To evaluate whether baseline performance of the training leg and transfer leg was similar between groups, repeated measures analysis of variance (ANOVA) with block (Tr-TM Pre and Tf-TM Pre) as a within-subjects factor and group (RL and LR) as a between-subjects factor was performed. To evaluate whether training improved performance in the trained leg (i.e., whether learning occurred) and whether learning differed by group, repeated measures analysis of variance (ANOVA) with block (Tr-TM Pre and Tr-TM Post) as a within-subjects factor and group (RL and LR) as a between-subjects factor was performed.

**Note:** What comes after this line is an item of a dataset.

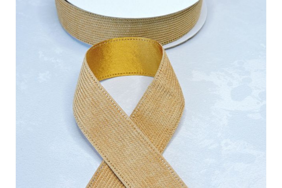 Лента вельвет/атлас 25 мм, цв. песочный - 1 м.
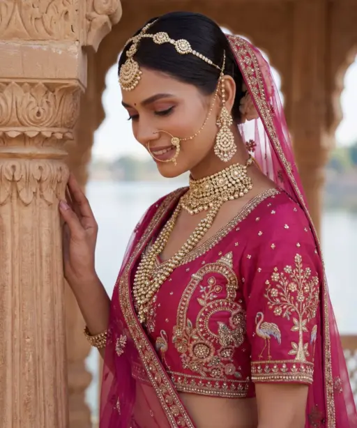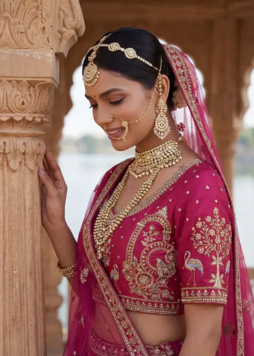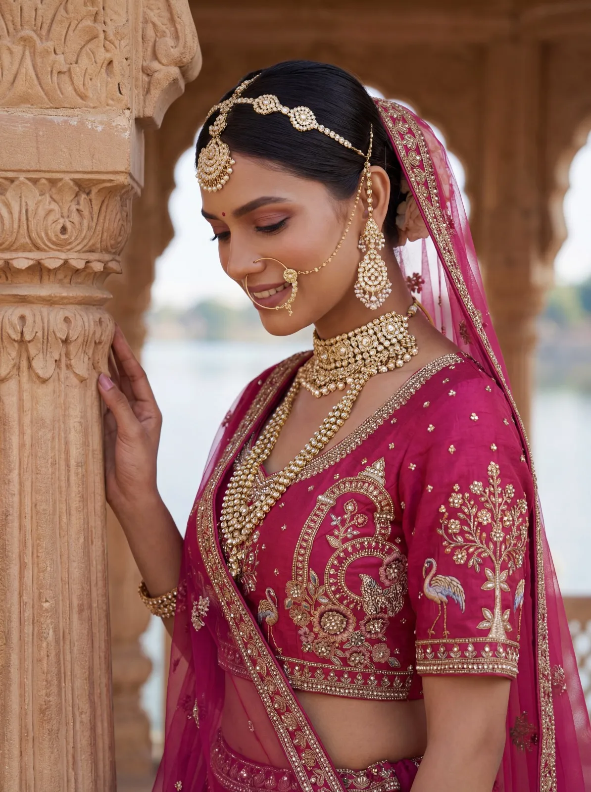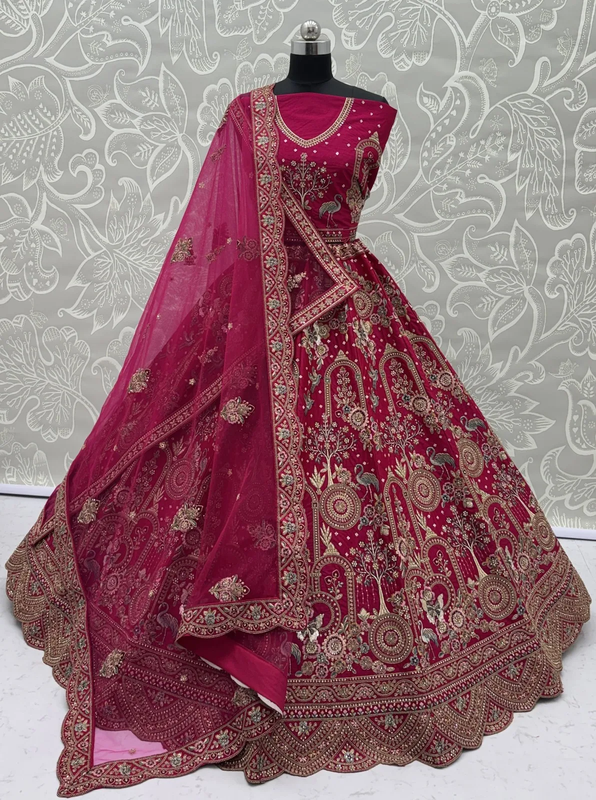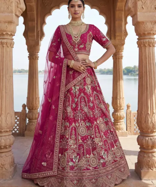 | Lehenga | Gadhwal Silk Golden Dori work, Elephant and Figure work Chappat Zari and Thread work Sequins as well Diamond work 4 meter Plus Flair |

To evaluate whether training improved performance of the untrained leg (i.e., whether transfer of motor learning occurred between legs) and whether interlimb transfer differed by group, another repeated measures ANOVA with block (initial transfer: Tf-TM Pre and Tf-TM; final transfer: Tf-TM Pre and Tf-TM Post) as a within-subject factor and group (RL and LR) as between-subjects factor was performed. A similar analysis was also performed on the no visual feedback trials (learning: Tr-NVF Pre and Tr-NVF post or Tf-NVF Pre and Tf-NVF Post, transfer: Tf-NVF Pre and Tf-NVF) to examine if learning and transfer were dependent on visual feedback.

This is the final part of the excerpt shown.